(Data supplied):
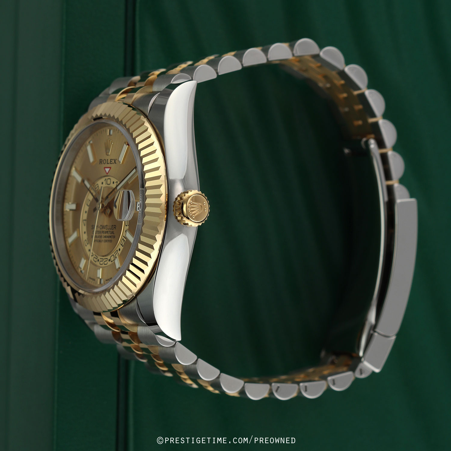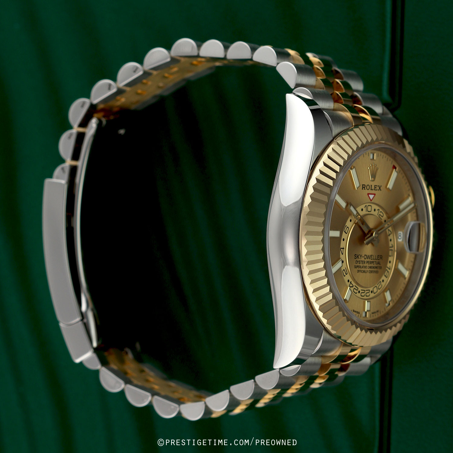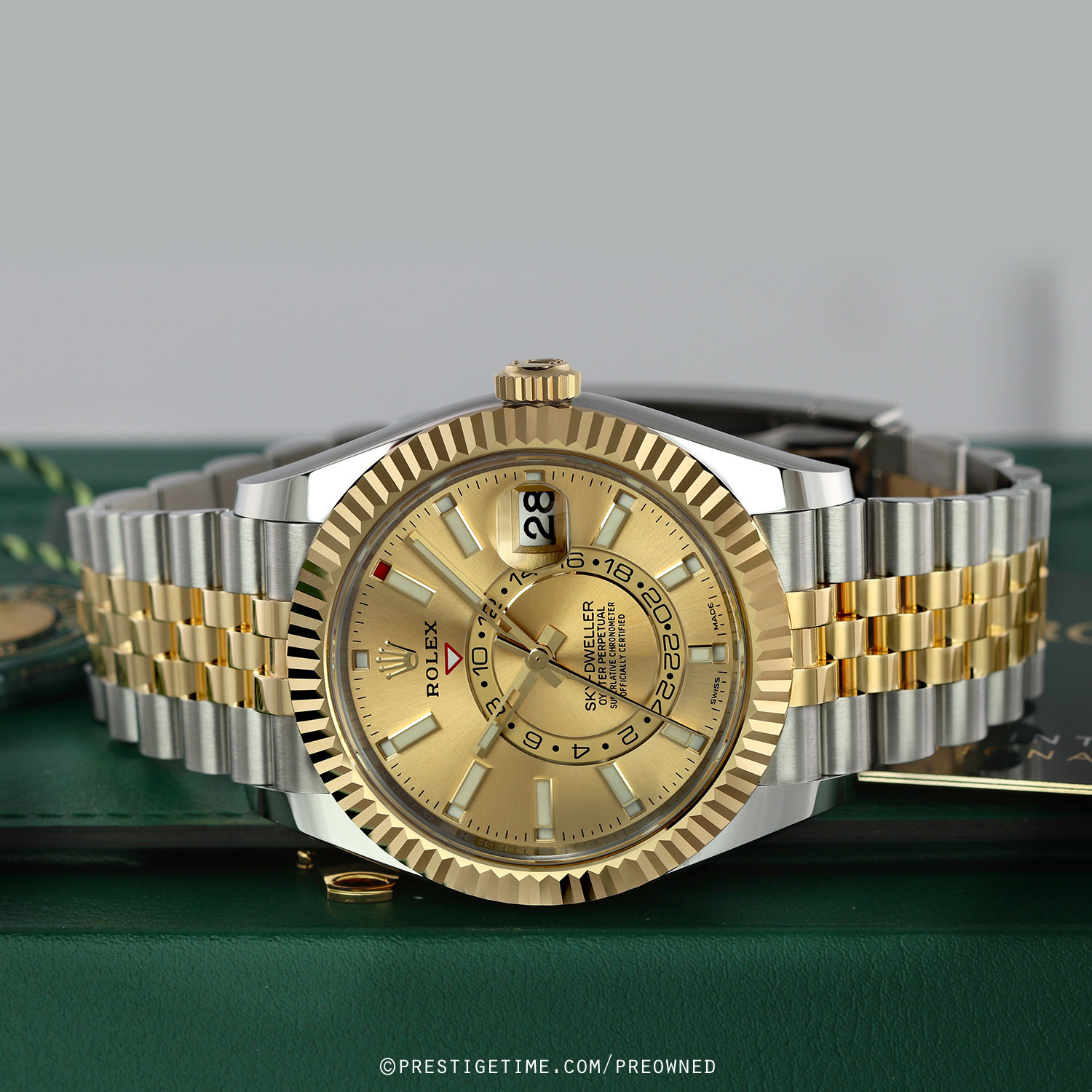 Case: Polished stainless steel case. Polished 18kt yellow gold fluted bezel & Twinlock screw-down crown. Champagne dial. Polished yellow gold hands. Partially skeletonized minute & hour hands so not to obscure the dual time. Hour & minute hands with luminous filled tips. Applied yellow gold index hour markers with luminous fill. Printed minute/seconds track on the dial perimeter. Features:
==
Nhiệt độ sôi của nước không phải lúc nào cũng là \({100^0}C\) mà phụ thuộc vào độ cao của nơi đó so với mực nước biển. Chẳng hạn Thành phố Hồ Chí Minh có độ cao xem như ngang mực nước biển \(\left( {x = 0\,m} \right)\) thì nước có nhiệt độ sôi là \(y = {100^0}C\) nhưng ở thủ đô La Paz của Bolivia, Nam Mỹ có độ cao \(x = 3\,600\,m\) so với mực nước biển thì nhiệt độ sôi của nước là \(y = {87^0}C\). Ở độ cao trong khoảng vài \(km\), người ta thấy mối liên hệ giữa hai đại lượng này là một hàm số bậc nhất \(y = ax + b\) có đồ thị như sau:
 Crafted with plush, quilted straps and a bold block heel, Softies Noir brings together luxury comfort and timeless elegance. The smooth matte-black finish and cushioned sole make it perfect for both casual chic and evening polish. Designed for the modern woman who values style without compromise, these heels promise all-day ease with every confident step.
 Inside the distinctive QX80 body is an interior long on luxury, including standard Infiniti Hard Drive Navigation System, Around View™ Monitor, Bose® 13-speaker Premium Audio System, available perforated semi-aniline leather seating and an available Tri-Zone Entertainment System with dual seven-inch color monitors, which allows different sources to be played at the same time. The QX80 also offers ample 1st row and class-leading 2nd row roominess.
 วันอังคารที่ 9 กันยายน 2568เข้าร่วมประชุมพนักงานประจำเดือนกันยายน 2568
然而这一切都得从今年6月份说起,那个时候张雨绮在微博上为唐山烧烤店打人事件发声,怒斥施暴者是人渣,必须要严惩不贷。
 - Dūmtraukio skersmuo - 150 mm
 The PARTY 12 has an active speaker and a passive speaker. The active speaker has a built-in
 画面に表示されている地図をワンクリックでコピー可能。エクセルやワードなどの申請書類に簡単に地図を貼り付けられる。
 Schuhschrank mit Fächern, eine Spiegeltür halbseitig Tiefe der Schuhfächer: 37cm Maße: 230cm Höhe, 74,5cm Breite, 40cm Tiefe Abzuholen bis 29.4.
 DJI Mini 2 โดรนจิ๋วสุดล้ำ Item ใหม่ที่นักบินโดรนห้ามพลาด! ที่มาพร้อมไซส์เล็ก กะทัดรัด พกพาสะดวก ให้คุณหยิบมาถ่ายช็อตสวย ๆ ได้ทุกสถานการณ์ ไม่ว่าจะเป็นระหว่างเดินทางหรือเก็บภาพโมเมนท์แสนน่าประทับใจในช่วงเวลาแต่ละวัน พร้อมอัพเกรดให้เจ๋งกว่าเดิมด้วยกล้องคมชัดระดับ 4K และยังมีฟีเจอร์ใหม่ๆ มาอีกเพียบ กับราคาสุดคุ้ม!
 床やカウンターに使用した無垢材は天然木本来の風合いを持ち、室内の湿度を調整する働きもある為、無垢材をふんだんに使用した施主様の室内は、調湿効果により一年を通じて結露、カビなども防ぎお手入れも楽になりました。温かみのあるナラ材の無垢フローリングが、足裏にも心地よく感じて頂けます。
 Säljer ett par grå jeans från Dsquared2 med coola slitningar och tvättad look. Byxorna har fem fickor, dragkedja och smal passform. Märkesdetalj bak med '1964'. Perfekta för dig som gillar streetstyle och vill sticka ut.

(What is required): Working from the material above, retype exactly the lines from the one with "The PARTY 12" through the one with "Schuhschrank mit Fächern, eine", both included, and only those lines.

(Your response):
 The PARTY 12 has an active speaker and a passive speaker. The active speaker has a built-in
 画面に表示されている地図をワンクリックでコピー可能。エクセルやワードなどの申請書類に簡単に地図を貼り付けられる。
 Schuhschrank mit Fächern, eine Spiegeltür halbseitig Tiefe der Schuhfächer: 37cm Maße: 230cm Höhe, 74,5cm Breite, 40cm Tiefe Abzuholen bis 29.4.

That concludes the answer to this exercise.